Description of the task
In the listing below, find the line containing "Les mignons Schnauzers" and the line containing "- 다음 환자는 복용 전 전문가 or 의사와 상담 후 복용하시기 바랍니다.", then copy exactly everything from the first through the second, except the pictures.

Data under study
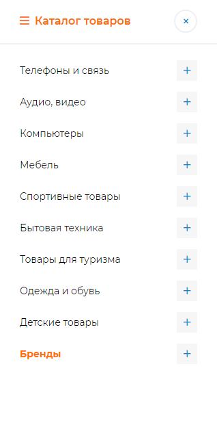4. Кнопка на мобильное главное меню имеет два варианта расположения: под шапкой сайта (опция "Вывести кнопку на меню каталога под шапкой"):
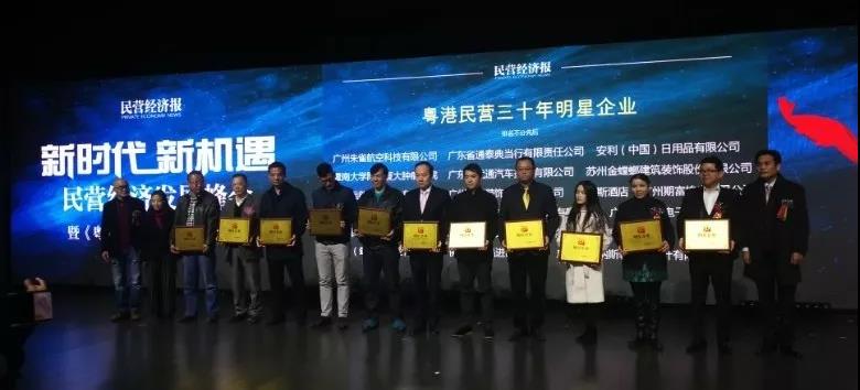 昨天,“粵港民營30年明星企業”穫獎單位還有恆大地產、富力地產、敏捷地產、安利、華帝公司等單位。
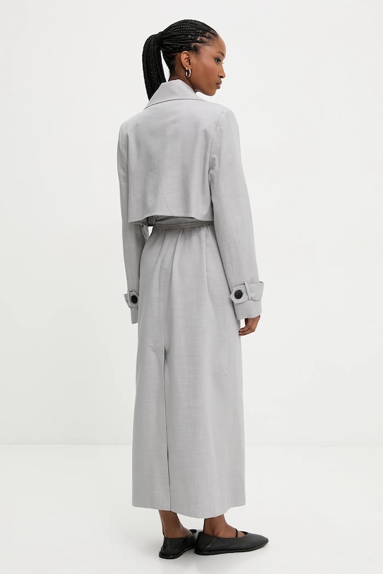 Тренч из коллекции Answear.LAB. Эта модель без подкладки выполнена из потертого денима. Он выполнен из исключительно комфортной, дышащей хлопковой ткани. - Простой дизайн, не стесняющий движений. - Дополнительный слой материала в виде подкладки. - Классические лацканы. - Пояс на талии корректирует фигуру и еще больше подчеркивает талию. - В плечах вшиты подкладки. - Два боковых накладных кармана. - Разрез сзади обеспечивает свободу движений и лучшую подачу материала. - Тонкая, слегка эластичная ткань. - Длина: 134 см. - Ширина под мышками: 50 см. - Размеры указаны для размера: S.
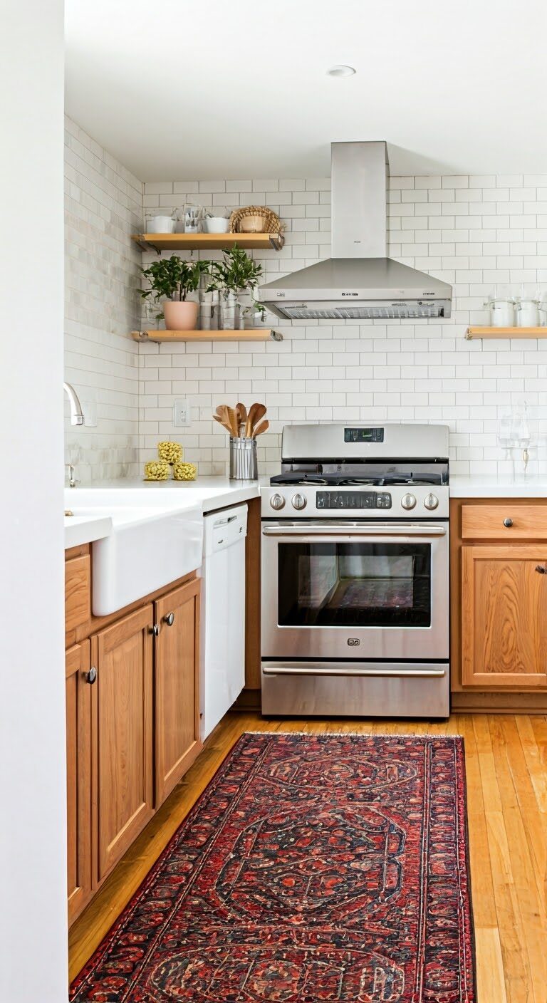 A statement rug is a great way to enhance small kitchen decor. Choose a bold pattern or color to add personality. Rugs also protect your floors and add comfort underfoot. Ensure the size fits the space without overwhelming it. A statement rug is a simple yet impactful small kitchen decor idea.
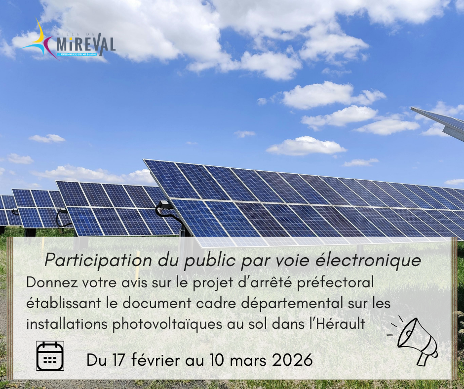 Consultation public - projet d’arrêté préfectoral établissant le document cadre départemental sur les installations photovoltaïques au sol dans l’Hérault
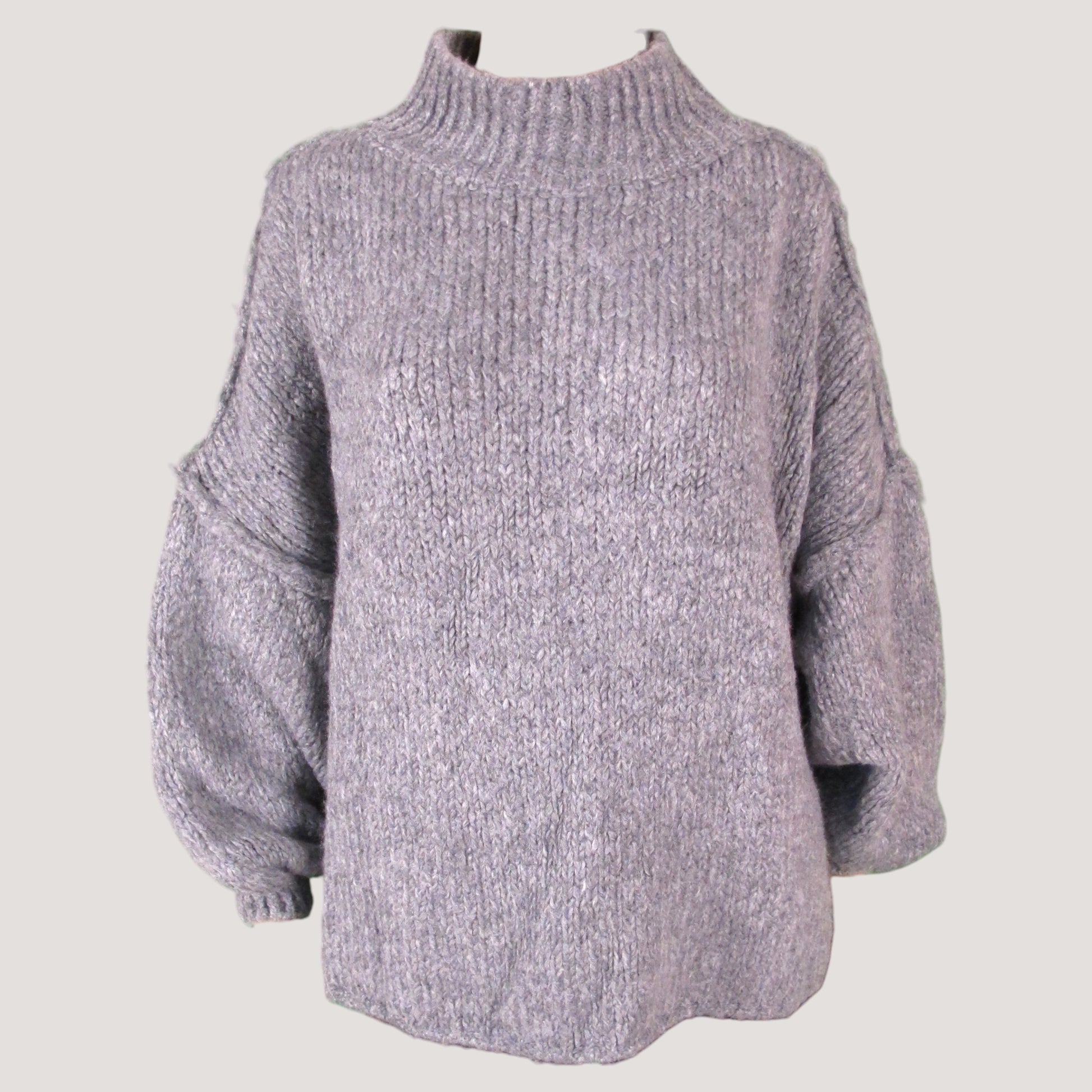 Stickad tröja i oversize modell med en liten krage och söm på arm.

==

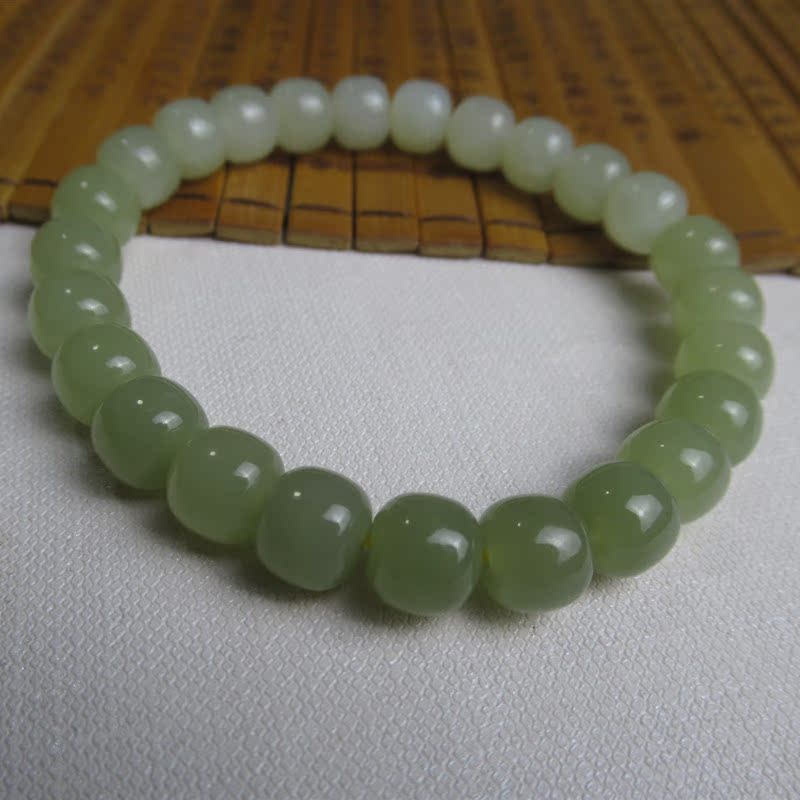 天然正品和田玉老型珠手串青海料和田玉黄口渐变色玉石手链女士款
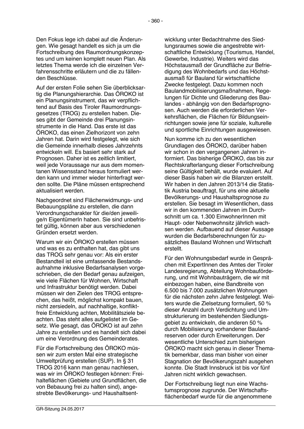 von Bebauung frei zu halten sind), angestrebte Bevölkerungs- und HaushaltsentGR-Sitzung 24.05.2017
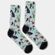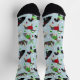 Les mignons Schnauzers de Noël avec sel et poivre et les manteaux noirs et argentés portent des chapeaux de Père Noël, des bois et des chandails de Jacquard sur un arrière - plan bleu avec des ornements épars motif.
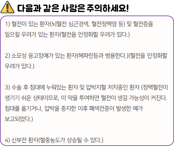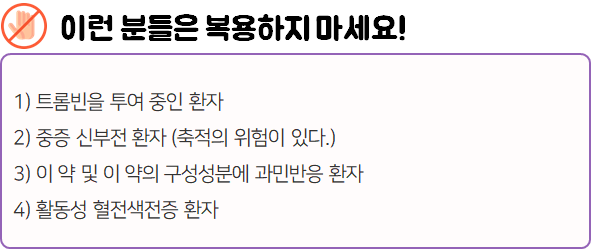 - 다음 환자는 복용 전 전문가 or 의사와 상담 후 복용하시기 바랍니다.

--

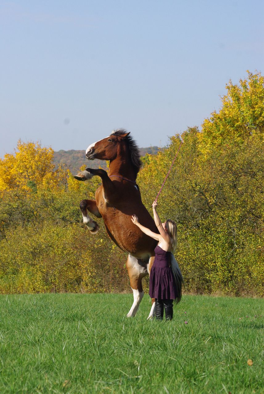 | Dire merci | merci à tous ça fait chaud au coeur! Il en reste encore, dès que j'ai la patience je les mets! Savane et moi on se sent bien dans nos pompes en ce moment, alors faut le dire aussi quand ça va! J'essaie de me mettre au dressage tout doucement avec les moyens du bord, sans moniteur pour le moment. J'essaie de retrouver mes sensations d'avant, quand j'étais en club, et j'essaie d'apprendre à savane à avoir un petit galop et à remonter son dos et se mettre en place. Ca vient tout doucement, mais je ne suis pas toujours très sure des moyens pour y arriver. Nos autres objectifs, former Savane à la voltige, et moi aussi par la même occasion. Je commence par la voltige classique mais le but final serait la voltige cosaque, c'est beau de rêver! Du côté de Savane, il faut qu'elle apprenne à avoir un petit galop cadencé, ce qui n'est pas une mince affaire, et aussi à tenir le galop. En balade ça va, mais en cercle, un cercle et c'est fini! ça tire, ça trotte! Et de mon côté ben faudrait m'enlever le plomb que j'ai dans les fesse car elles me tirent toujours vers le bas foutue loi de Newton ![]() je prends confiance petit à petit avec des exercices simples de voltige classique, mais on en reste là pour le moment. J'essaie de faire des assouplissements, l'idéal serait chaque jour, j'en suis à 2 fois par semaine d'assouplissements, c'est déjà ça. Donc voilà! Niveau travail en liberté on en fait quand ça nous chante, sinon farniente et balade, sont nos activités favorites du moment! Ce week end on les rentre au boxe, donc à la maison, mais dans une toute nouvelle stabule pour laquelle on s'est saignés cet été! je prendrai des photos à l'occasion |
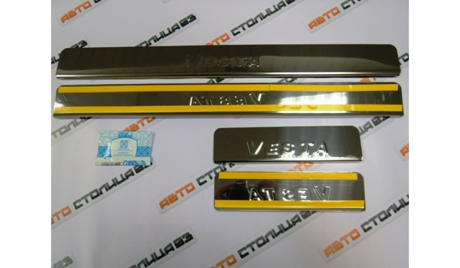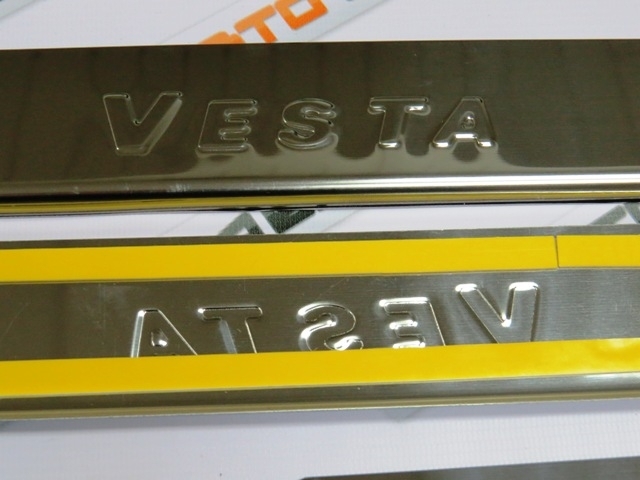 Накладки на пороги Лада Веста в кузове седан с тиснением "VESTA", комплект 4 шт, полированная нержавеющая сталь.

Response area
 Les mignons Schnauzers de Noël avec sel et poivre et les manteaux noirs et argentés portent des chapeaux de Père Noël, des bois et des chandails de Jacquard sur un arrière - plan bleu avec des ornements épars motif.
 - 다음 환자는 복용 전 전문가 or 의사와 상담 후 복용하시기 바랍니다.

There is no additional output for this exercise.